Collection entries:
....

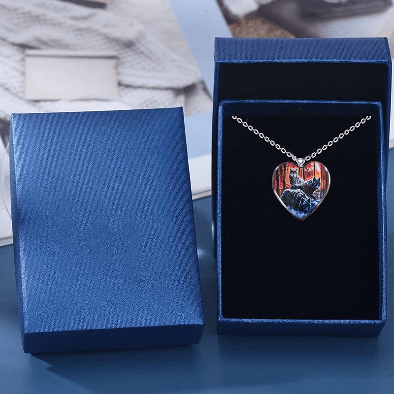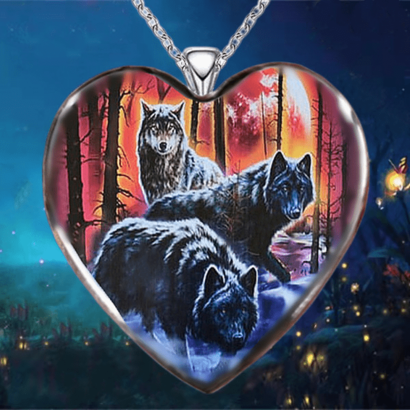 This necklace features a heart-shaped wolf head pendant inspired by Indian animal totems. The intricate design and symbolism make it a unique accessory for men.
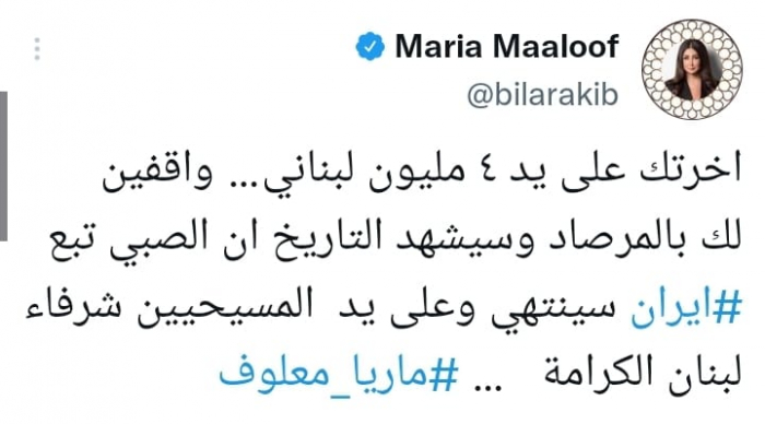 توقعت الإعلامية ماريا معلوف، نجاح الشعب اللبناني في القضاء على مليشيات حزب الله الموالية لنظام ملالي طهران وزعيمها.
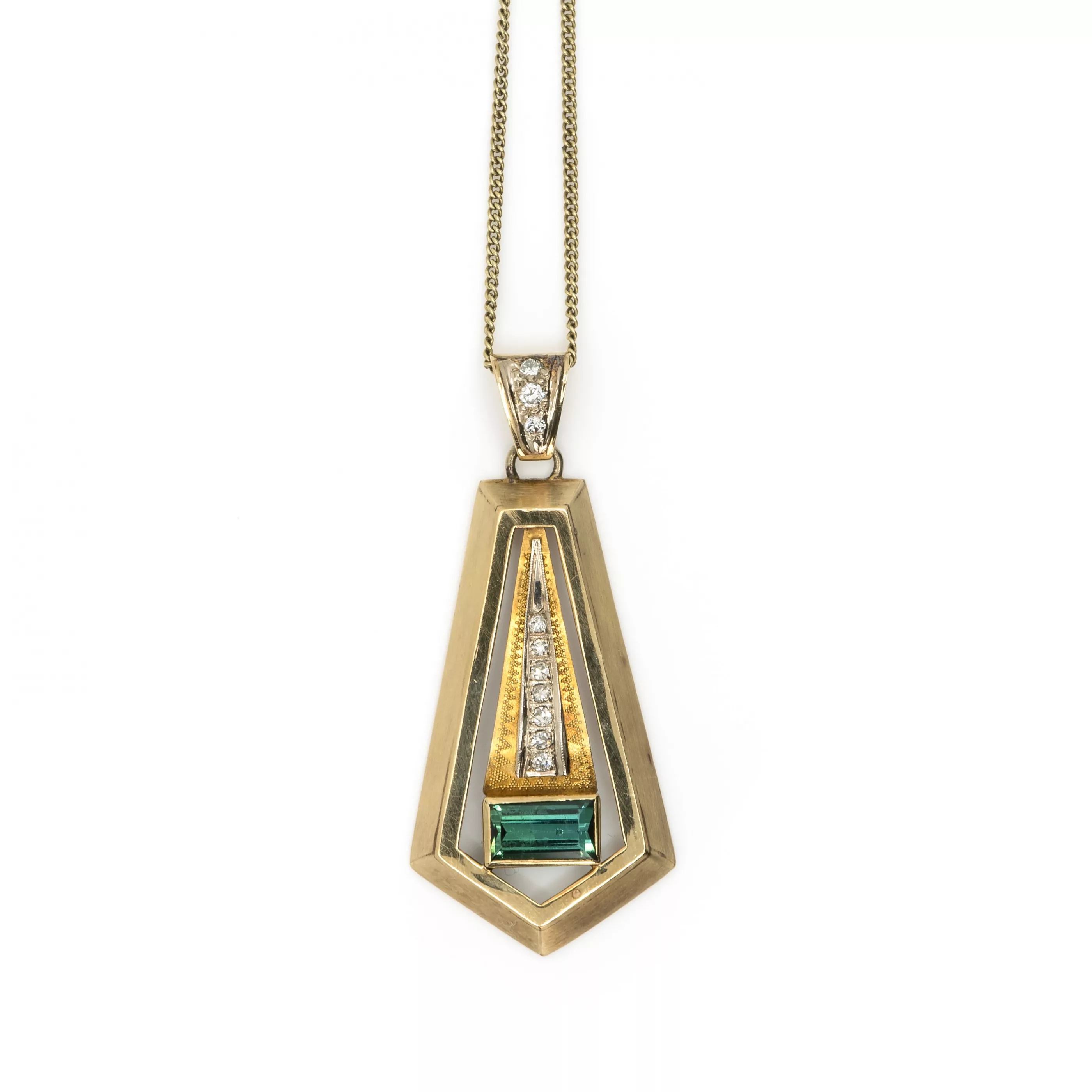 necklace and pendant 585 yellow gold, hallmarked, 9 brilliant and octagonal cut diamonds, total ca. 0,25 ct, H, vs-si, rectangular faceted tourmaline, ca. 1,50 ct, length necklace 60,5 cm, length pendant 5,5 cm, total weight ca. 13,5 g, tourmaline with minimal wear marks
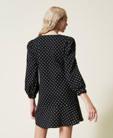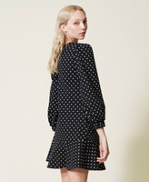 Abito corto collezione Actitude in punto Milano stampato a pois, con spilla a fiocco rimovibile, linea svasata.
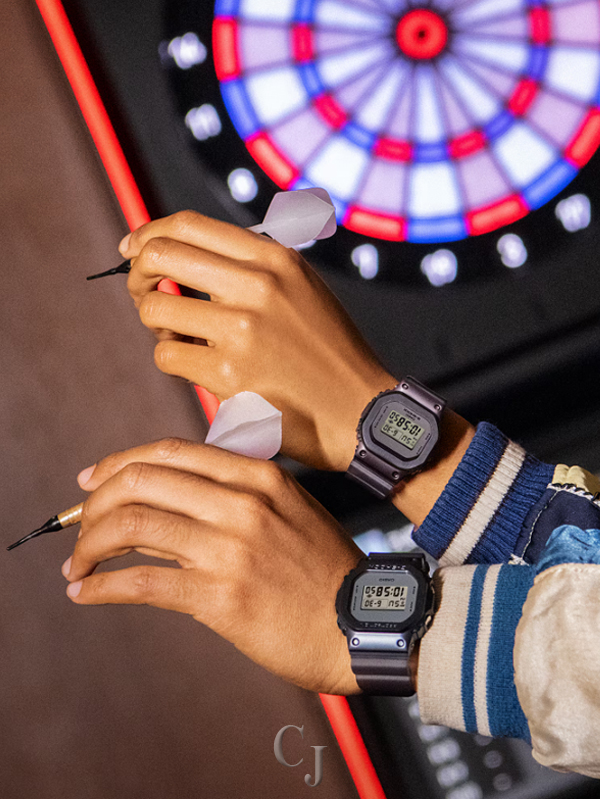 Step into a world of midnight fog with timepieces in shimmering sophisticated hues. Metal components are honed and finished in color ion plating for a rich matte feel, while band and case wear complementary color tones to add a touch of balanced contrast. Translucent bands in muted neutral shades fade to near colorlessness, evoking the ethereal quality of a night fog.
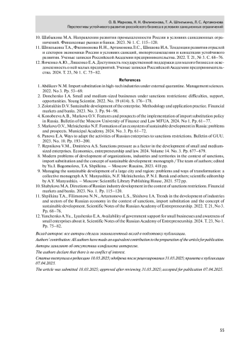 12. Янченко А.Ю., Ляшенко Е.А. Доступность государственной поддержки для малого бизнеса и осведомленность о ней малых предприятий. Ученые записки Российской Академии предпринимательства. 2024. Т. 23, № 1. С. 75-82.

....

Extract, word for word, each line from the top of the data down to and including the line with "Step into a"; skip the pictures.

(Written response)
 This necklace features a heart-shaped wolf head pendant inspired by Indian animal totems. The intricate design and symbolism make it a unique accessory for men.
 توقعت الإعلامية ماريا معلوف، نجاح الشعب اللبناني في القضاء على مليشيات حزب الله الموالية لنظام ملالي طهران وزعيمها.
 necklace and pendant 585 yellow gold, hallmarked, 9 brilliant and octagonal cut diamonds, total ca. 0,25 ct, H, vs-si, rectangular faceted tourmaline, ca. 1,50 ct, length necklace 60,5 cm, length pendant 5,5 cm, total weight ca. 13,5 g, tourmaline with minimal wear marks
 Abito corto collezione Actitude in punto Milano stampato a pois, con spilla a fiocco rimovibile, linea svasata.
 Step into a world of midnight fog with timepieces in shimmering sophisticated hues. Metal components are honed and finished in color ion plating for a rich matte feel, while band and case wear complementary color tones to add a touch of balanced contrast. Translucent bands in muted neutral shades fade to near colorlessness, evoking the ethereal quality of a night fog.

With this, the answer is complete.